Prompt: Across the whole listing, return each line exactly, with no images included.

Material supplied:
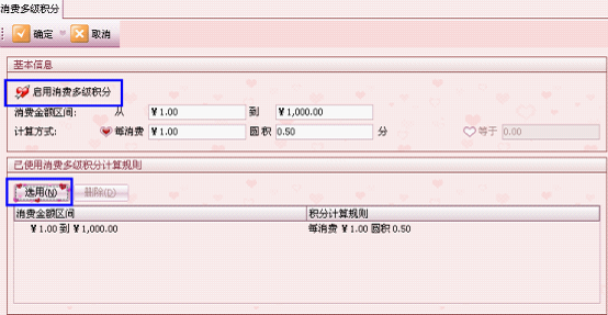第一步:启用该积分计算,录入某一消费金额区间,可获得不同的积分系数,点击“选用”, 则积分计算规则系统自动显示出来。如下图:
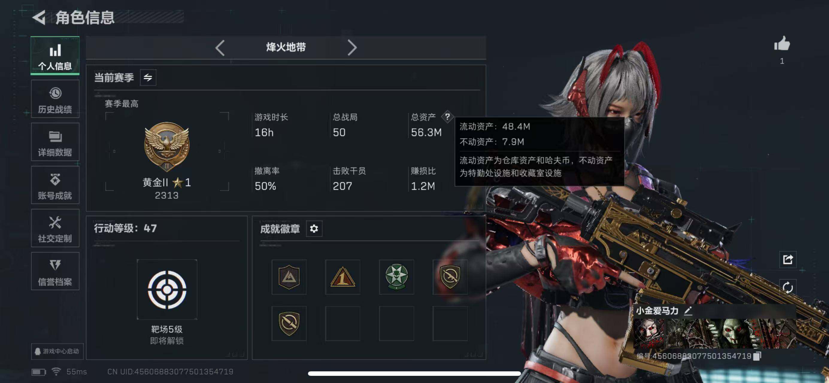 56m总资产-20808k哈伏币-47烽火等级-黄金-6战场等级-列兵
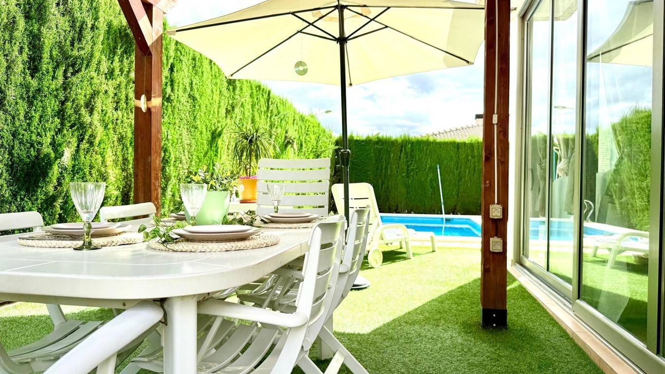 En el exterior, la vivienda cuenta con parcela privada con piscina, zonas de descanso y espacio suficiente para disfrutar del aire libre con total privacidad.
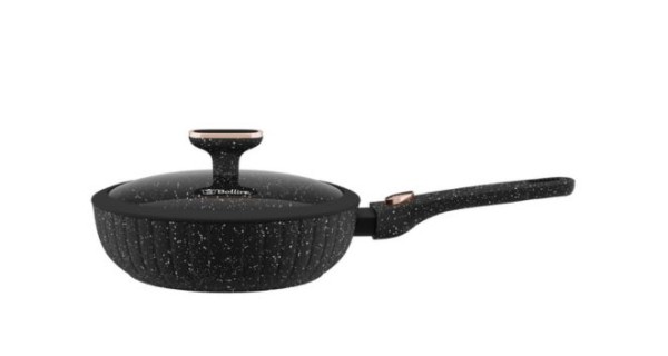 Посуд Bollire з мармуровим покриттям утричі кращий у плані антипригарних властивостей, на 50% більш стійкий до подряпин і вдвічі міцніший за аналоги. Має ковану алюмінієву основу в поєднанні з екологічно чистим та довговічним мармуровим покриттям усередині. Швидке нагрівання та утримання тепла дозволяє економити енергію, при цьому забезпечуючи ефективне та тривале використання. Чудові характеристики теплопровідності, збереження смаку та поживних речовин – все це дозволяє готувати чудові страви з неймовірним смаком та ароматом.
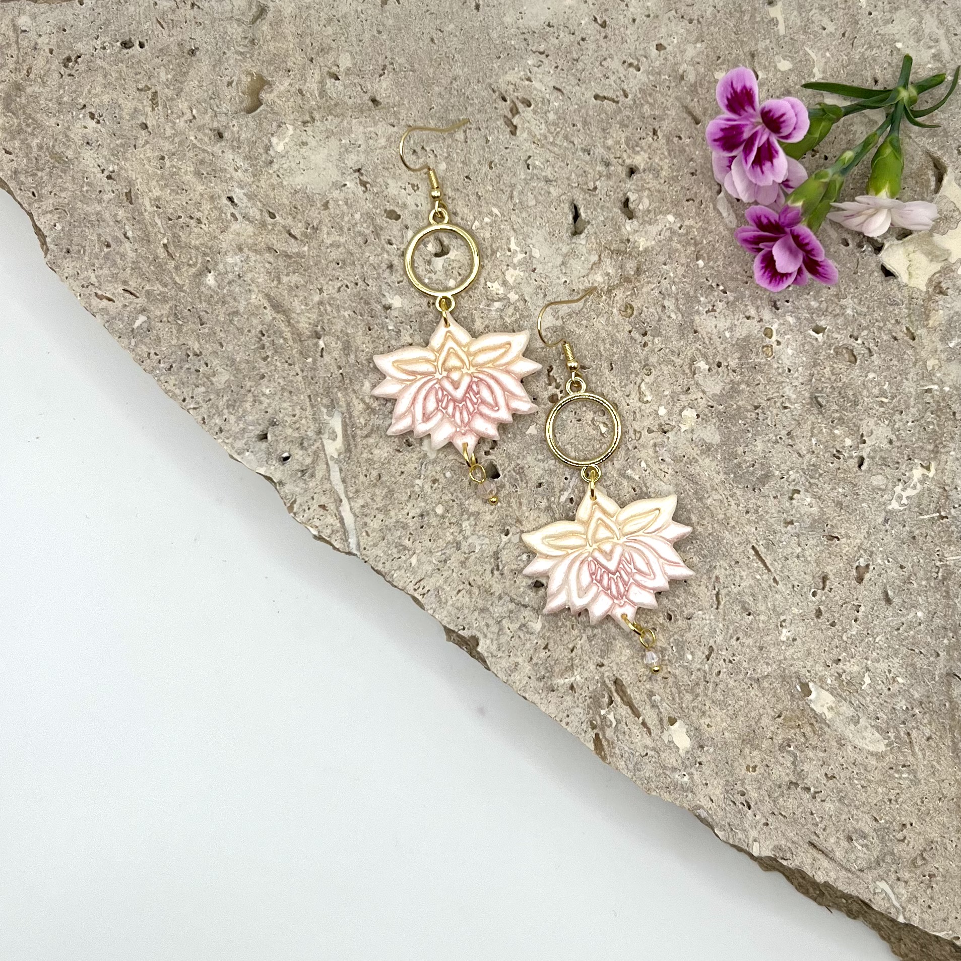 Diese Ohrringe sind ein kleines Kunstwerk: Die handbemalte Lotusblüte in zartem Gold und Rosa verleiht deinem Look eine sanfte, fast magische Ausstrahlung. Der goldene Kreis als Verbindungselement sorgt für eine elegante Form, während die kleine glänzende rosa Perle am unteren Ende das Design verspielt abrundet.

Output for this task:
第一步:启用该积分计算,录入某一消费金额区间,可获得不同的积分系数,点击“选用”, 则积分计算规则系统自动显示出来。如下图:
 56m总资产-20808k哈伏币-47烽火等级-黄金-6战场等级-列兵
 En el exterior, la vivienda cuenta con parcela privada con piscina, zonas de descanso y espacio suficiente para disfrutar del aire libre con total privacidad.
 Посуд Bollire з мармуровим покриттям утричі кращий у плані антипригарних властивостей, на 50% більш стійкий до подряпин і вдвічі міцніший за аналоги. Має ковану алюмінієву основу в поєднанні з екологічно чистим та довговічним мармуровим покриттям усередині. Швидке нагрівання та утримання тепла дозволяє економити енергію, при цьому забезпечуючи ефективне та тривале використання. Чудові характеристики теплопровідності, збереження смаку та поживних речовин – все це дозволяє готувати чудові страви з неймовірним смаком та ароматом.
 Diese Ohrringe sind ein kleines Kunstwerk: Die handbemalte Lotusblüte in zartem Gold und Rosa verleiht deinem Look eine sanfte, fast magische Ausstrahlung. Der goldene Kreis als Verbindungselement sorgt für eine elegante Form, während die kleine glänzende rosa Perle am unteren Ende das Design verspielt abrundet.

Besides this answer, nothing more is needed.